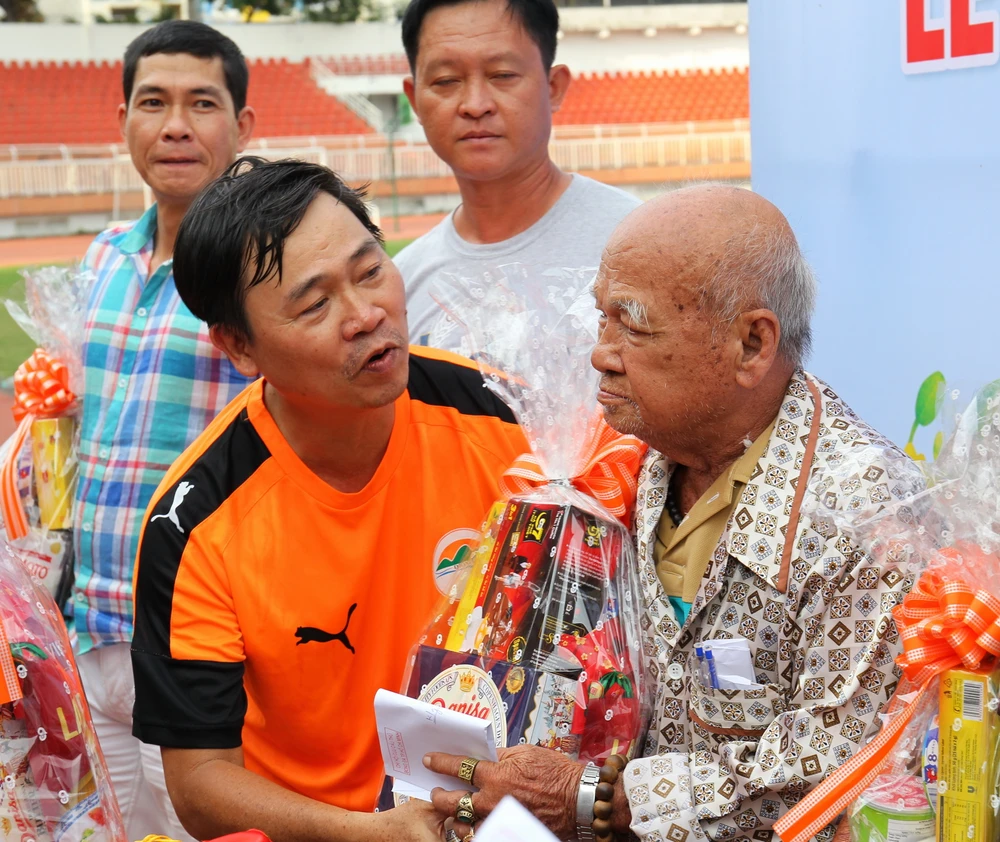 Các cựu tuyển thủ TP.HCM vui vẻ với những phần quà do nhiều mạnh thường quân hỗ trợ, như Phó Tổng biên tập báo Pháp Luật TP.HCM - ông Nguyễn Đức Hiển và bạn bè đóng góp 140.200.000 đồng.
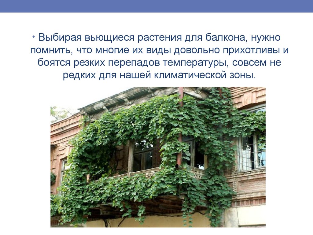 • Выбирая вьющиеся растения для балкона, нужнопомнить, что многие их виды довольно прихотливы и
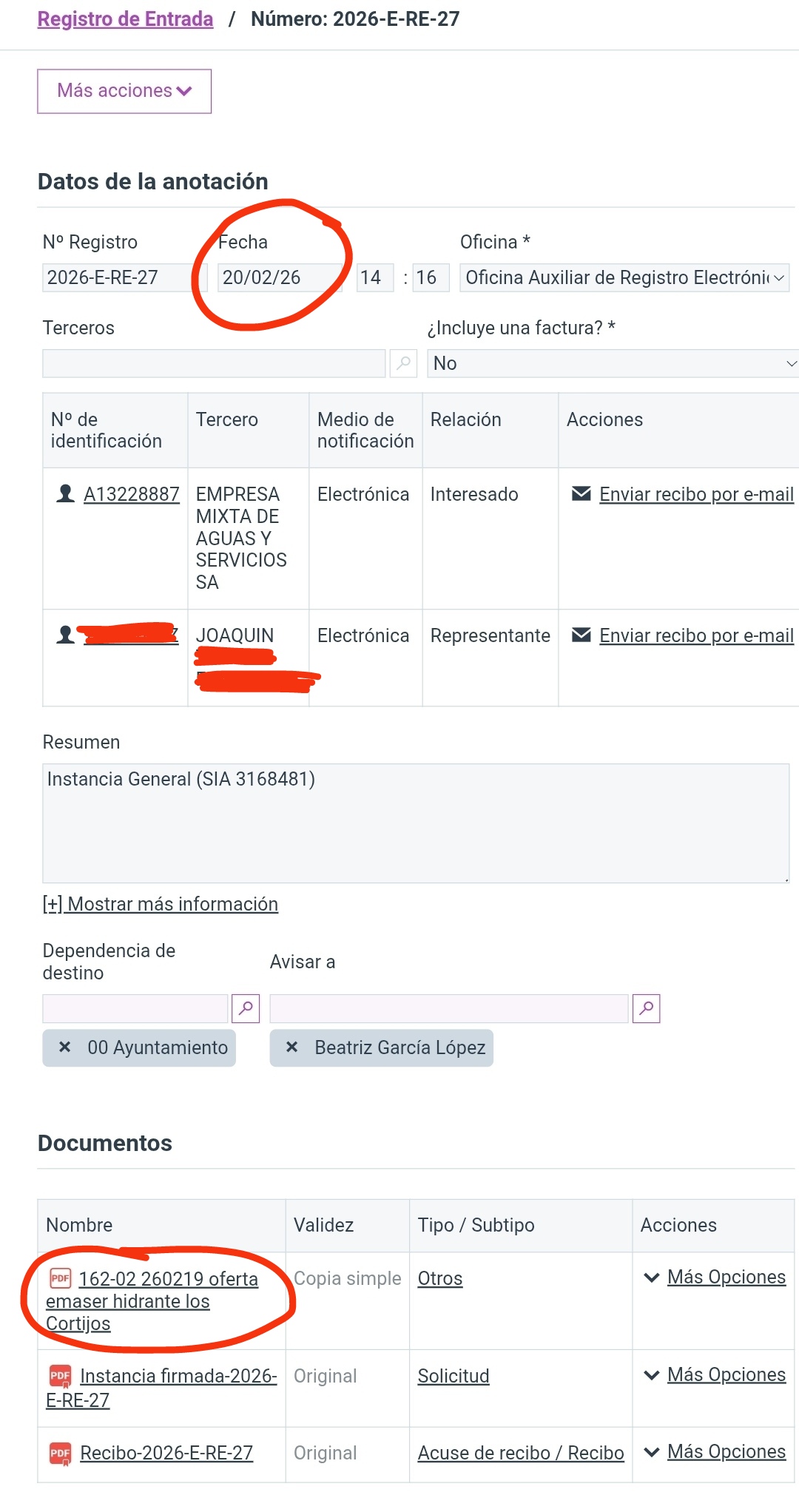 Pero de unos meses para acá ya pedimos a la empresa de aguas que estudiase donde poder instalar un hidrante, ya que tiene que ser en una tubería general, que tiene más sección y más presión, y de los posibles lugares que nos dijeron, se (...)
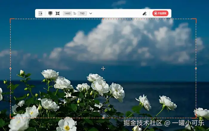 步骤2:直接拖动选区框框选出打算录制的区域,然后把麦克风和扬声器选项按需打开。要是想给视频加上水印,还能打开 “图片水印” 功能,自由设置水印图片等。设置好后,点击软件的 “录制” 按钮就可以开始录制视频了。
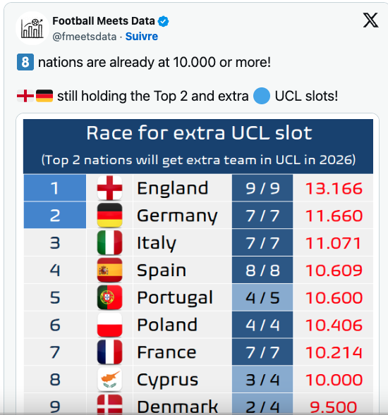 Sur la saison 2025/2026, les deux premières places sont pour l’instant détenues par l’Angleterre et l’Allemagne (9,857), qui devancent la France. Mais l’écart entre l’Allemagne est loin d’être insurmontable, et devrait surtout évoluer lors de la suite de la compétition, avec des bonus accordés pour les participations aux 8èmes, quart et demi-finales dans les trois coupes d’Europe.
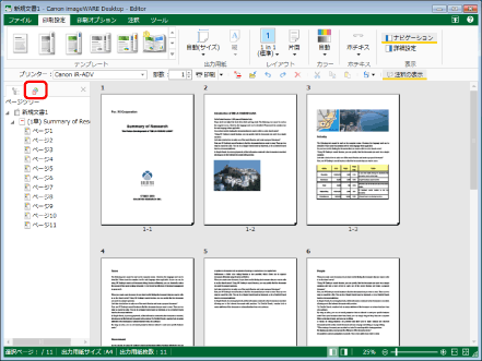 (サムネイル):文書のページサムネイルが表示されます。ページサムネイルをクリックすると、表示や操作の対象ページを選択できます。
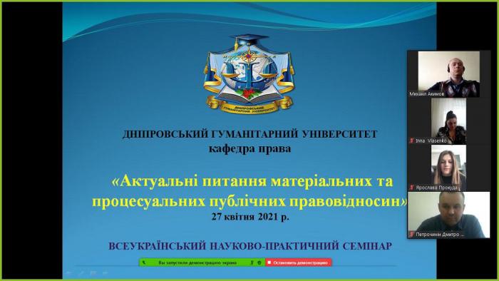 Доцент кафедри трудового та господарського права факультету № 2 Харківського національного університету внутрішніх справ, кандидат юридичних наук, старший науковий співробітник, підполковник поліції Валентина Гончарук взяла участь у всеукраїнському науково-практичному семінарі «Актуальні питання матеріальних та процесуальних публічних правовідносин», який був організований кафедрою права факультету права та психології Дніпровського гуманітарного університету.
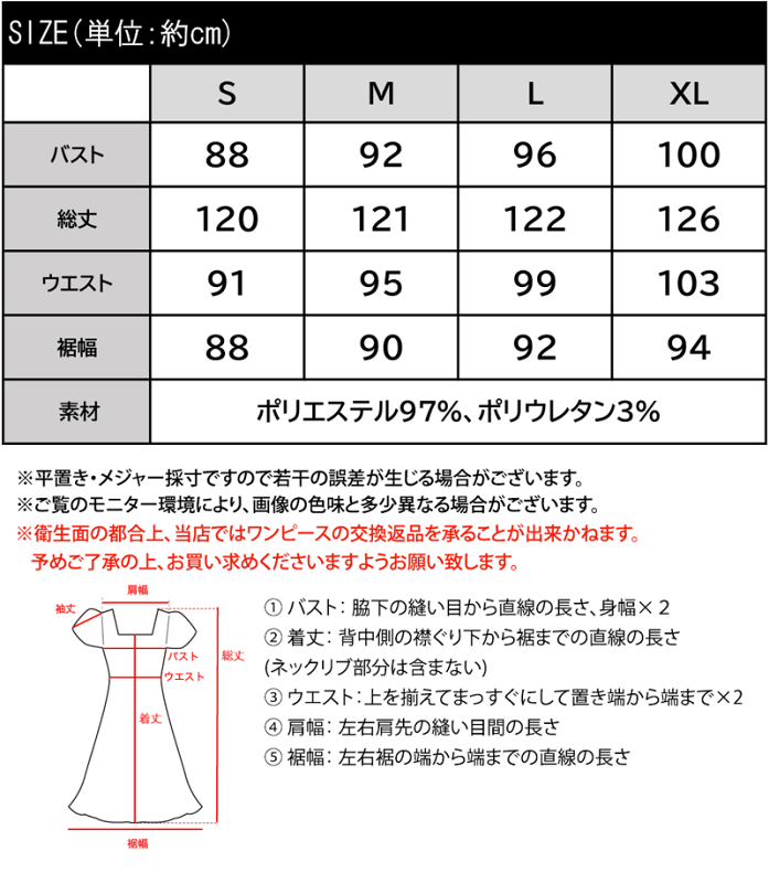 ウエストと丈感は調節がある程度出来るのでグラマーさんは特に胸とおしりのサイズ感で決めるのが良さそうです。

Problem statement
Pictures excluded, copy exactly the lines running from the one with "довольно прихотливы и" through the last line of the material.

Finished task
 • Выбирая вьющиеся растения для балкона, нужнопомнить, что многие их виды довольно прихотливы и
 Pero de unos meses para acá ya pedimos a la empresa de aguas que estudiase donde poder instalar un hidrante, ya que tiene que ser en una tubería general, que tiene más sección y más presión, y de los posibles lugares que nos dijeron, se (...)
 步骤2:直接拖动选区框框选出打算录制的区域,然后把麦克风和扬声器选项按需打开。要是想给视频加上水印,还能打开 “图片水印” 功能,自由设置水印图片等。设置好后,点击软件的 “录制” 按钮就可以开始录制视频了。
 Sur la saison 2025/2026, les deux premières places sont pour l’instant détenues par l’Angleterre et l’Allemagne (9,857), qui devancent la France. Mais l’écart entre l’Allemagne est loin d’être insurmontable, et devrait surtout évoluer lors de la suite de la compétition, avec des bonus accordés pour les participations aux 8èmes, quart et demi-finales dans les trois coupes d’Europe.
 (サムネイル):文書のページサムネイルが表示されます。ページサムネイルをクリックすると、表示や操作の対象ページを選択できます。
 Доцент кафедри трудового та господарського права факультету № 2 Харківського національного університету внутрішніх справ, кандидат юридичних наук, старший науковий співробітник, підполковник поліції Валентина Гончарук взяла участь у всеукраїнському науково-практичному семінарі «Актуальні питання матеріальних та процесуальних публічних правовідносин», який був організований кафедрою права факультету права та психології Дніпровського гуманітарного університету.
 ウエストと丈感は調節がある程度出来るのでグラマーさんは特に胸とおしりのサイズ感で決めるのが良さそうです。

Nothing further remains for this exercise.